The Picker International ASSET system is intended for use as a NMR device that produces images that: (1) correspond to the distribution of protons exhibiting NMR, (2) depend upon the NMR parameters (proton density, flow velocity, spin-lattice relaxation time (T1), and spin-spin relaxation time (T2)) and (3) display the soft tissue structure of the head and whole body. When interpreted by a trained physician, these images yield information that can be useful in the determination of a diagnosis.

Device Description

The ASSET APOLLO MR system includes the following enhancements: a water cooled gradient system, increased gradient performance, increased scan/reconstruction rates, and a user selectable bandwidth option.

AI/ML Overview

This 510(k) submission (K971884) for the ASSET APOLLO Magnetic Resonance Imaging System focuses on demonstrating substantial equivalence to previously cleared predicate devices (ASSET K933835 and EDGE/VISTA K964626) rather than presenting a performance study with specific acceptance criteria and detailed statistical analysis as might be seen for a novel device or AI algorithm.

The core argument is that the ASSET APOLLO retains the same intended use and fundamentally similar technological characteristics to its predicates, with enhancements that do not raise new questions of safety or effectiveness. Therefore, there are no explicit acceptance criteria for device performance based on a new study outlined in this document, nor is there a study described that "proves the device meets the acceptance criteria" in the traditional sense of evaluating an algorithm's diagnostic accuracy.

The provided information primarily details the technical specifications of the ASSET APOLLO and compares them to the predicate devices to establish substantial equivalence.

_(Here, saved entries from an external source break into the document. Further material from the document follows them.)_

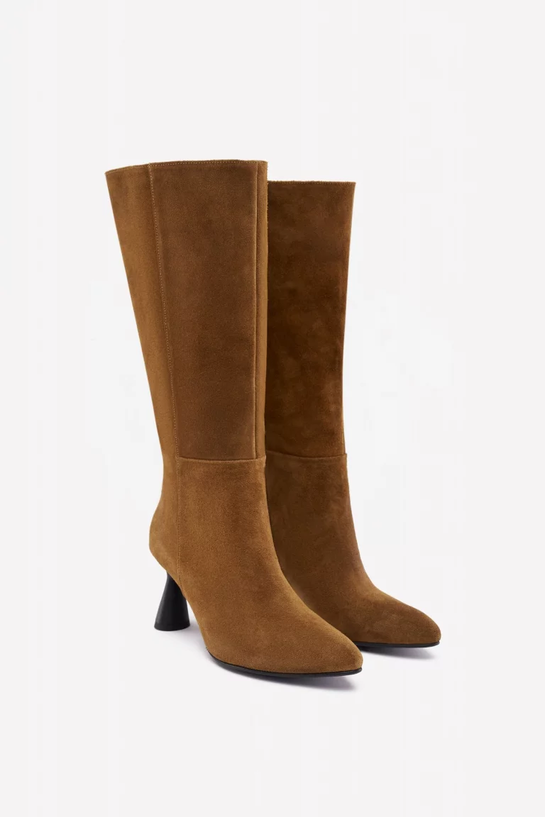 Сапоги из замши с увеличенной шириной голенища, на устойчивом фигурном каблуке. Благодаря функциональной молнии изделие легко снимать и надевать. Голенище гарантирует плотную посадку по ноге любой полноты. Мысок острый. Стелька и подкладка из кожия. Полнота увеличена.
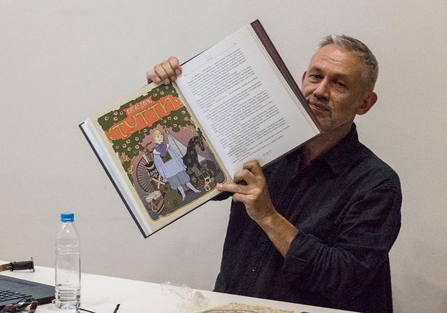 На встрече со студентами Алексей рассказал о своем творческом пути и дал советы начинающим специалистам как работать над книгой. Так, например, работая над изданием, всегда надо помнить, что текст и иллюстрация должны дополнять друг друга, а не соперничать за право первенства. К сожалению, бывают случаи, когда книгу совершенно невозможно читать из-за ярких иллюстраций, которые не позволяют «пробиться» к тексту.
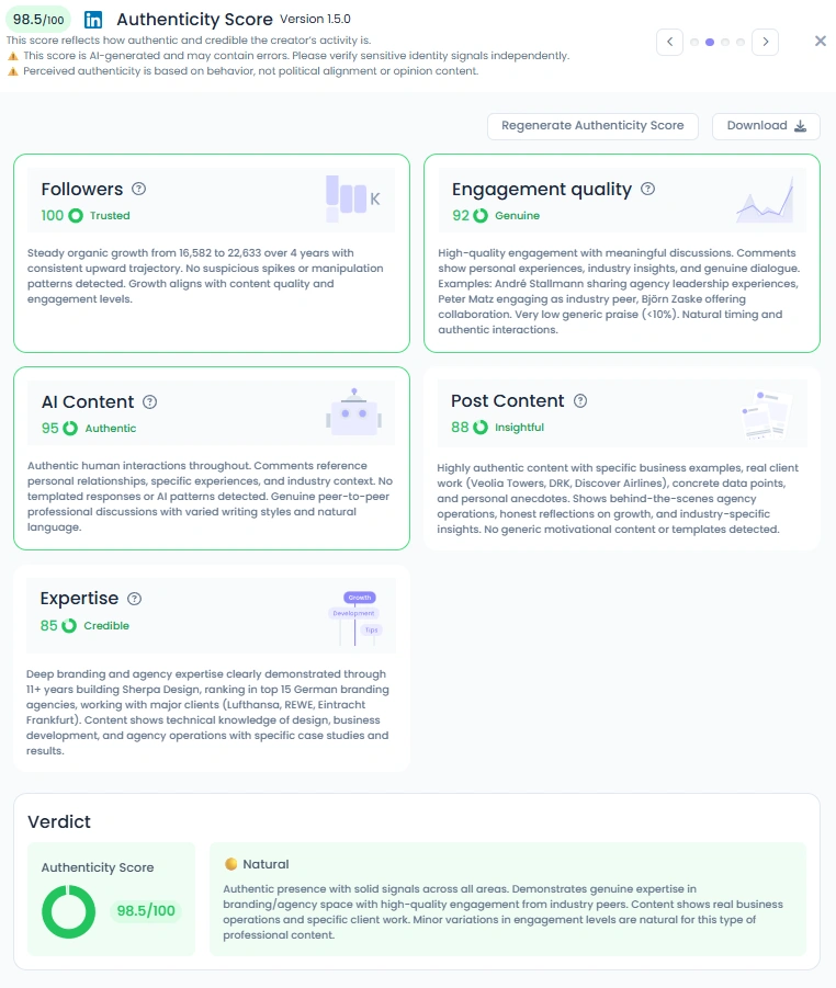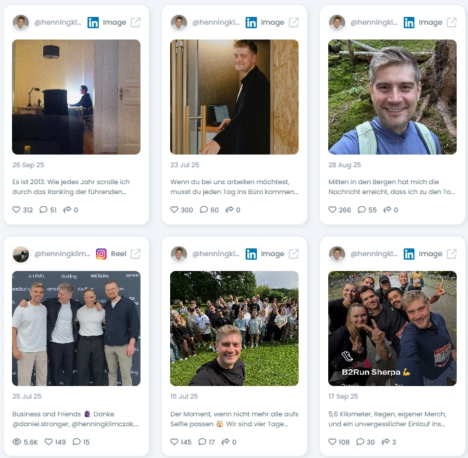 Hennings Favikon Authenticity Score liegt bei 98,5/100. Kommentar-Threads lesen sich wie echte Fachgespräche von Kunden und Kollegen. Die menschlichen Signale sind hoch (95 authentisch) und die Interaktionsqualität ist 92 echt. Du siehst Trailfotos, Schnappschüsse aus dem Büro und ehrliche Teamsiege. Es fühlt sich offen, bodenständig und stolz auf die Menschen an, die die Arbeit machen.

Based on the provided text, here's a breakdown of the requested information:

1. Table of Acceptance Criteria and Reported Device Performance

Feature/Parameter	Acceptance Criteria (Implicit from Predicate Equivalence)	Reported ASSET APOLLO Performance
Intended Use	Same as predicate ASSET system	Same as predicate ASSET system
Computer Subsystem	Equivalent to or improved over predicate K964626	Same as K964626
Image Storage (Short Term)	Equivalent to predicate ASSET (K933835)	Magnetic Disk
Image Storage (Archival)	Equivalent to predicate ASSET (K933835)	Optical Disk
Gradient Coils	Water-cooled self-shielded design, similar to K964626	Water-cooled self-shielded
Max. Gradient Strength	Equal to or greater than predicate ASSET (10 mT/m) and within range of K964626 (16, 20, 27 mT/m)	16 mT/m
Max. Slew Rate	Equal to or greater than predicate ASSET (18 mT/m/msec) and within range of K964626 (25, 40, 72 mT/m/msec)	25 mT/m/msec
Gradient Amps	Equivalent to or improved over predicate ASSET and K964626	150 A RMS, 300 A peak, 400 V
DTR Spectrometer	Equivalent to predicate ASSET (K933835)	Same as K964626
RF Amplifiers	Single frequency, 5.0 kW (improved over K933835's 2.5 kW)	Single frequency 5.0 kW
Body Coil	Equivalent to predicate ASSET (K933835)	Same as K933835
Head Coil	Equivalent to predicate ASSET (K933835)	Same as K933835
Optional Receive Only Coil Connection	Equivalent to predicate ASSET (K933835)	Same as K933835
Transmit/Receive Box	Equivalent to predicate ASSET (K933835)	Same as K933835
Magnet Subsystem	Equivalent to predicate ASSET (K933835)	Same as K933835
Patient Handling	Equivalent to predicate ASSET (K933835)	Same as K933835
Magnet Facade	Equivalent to predicate ASSET (K933835)	Same as K933835
Power Distribution Subsystem	Equivalent to predicate ASSET (K933835)	Same as K933835
Operating Software	Equivalent to predicate K964626	Same as K964626
Operational Features	Equivalent to predicate ASSET (K933835)	Same as K933835
Standard Imaging Sequences	Equivalent to predicate ASSET, with addition of AcuScan package	Same standard imaging sequences with AcuScan
Acquisition and Reconstruction Techniques	Equivalent to predicate K964626	Same as K964626
Optional Receive Only Coils and Accessories	Equivalent to predicate ASSET (K933835)	Same as K933835
Software Options	All options available on predicates; new options are incremental	Angiography, Cardiac Imaging, VFASE, GRaSE, EPI
Time Varying Magnetic Field (dB/dt)	Normal Operating Mode: ≤ 40 T/s (as K964626); First Controlled Operating Mode: ≤ 60 T/s (as K964626). Note: K933835 was ≤ 20 T/s, hence ASSET APOLLO is an improvement/equivalent to higher standard.	Same as K964626 (Normal: ≤40 T/s, First Controlled: 40 T/s < dB/dt ≤ 60 T/s)
Radiofrequency Absorption (SAR)	Normal Operating Mode: ≤ 1.2 W/kg (as K964626); First Level Controlled Operating Mode: ≤ 3.2 W/kg (as K964626). Note: K933835 was First Level ≤ 2.4 W/kg, hence ASSET APOLLO is an improvement/equivalent to higher standard.	Same as K964626 (Normal: ≤ 1.2 W/kg, First Level Controlled: ≤ 3.2 W/kg)
Acoustic Noise (average)	Generally equal to or lower than predicates (e.g., K933835 average: 83.8 dBA, K964626 average: 80.6 dBA)	Typical: 71.7 dBA, Worst Case: 88.8 dBA
Acoustic Noise (peak)	Generally equal to or lower than predicates (e.g., K933835 peak: 96.8 dB, K964626 peak: 93.3 dB)	Typical: 82.9 dB, Worst Case: 96.3 dB

2. Sample size used for the test set and the data provenance (e.g. country of origin of the data, retrospective or prospective)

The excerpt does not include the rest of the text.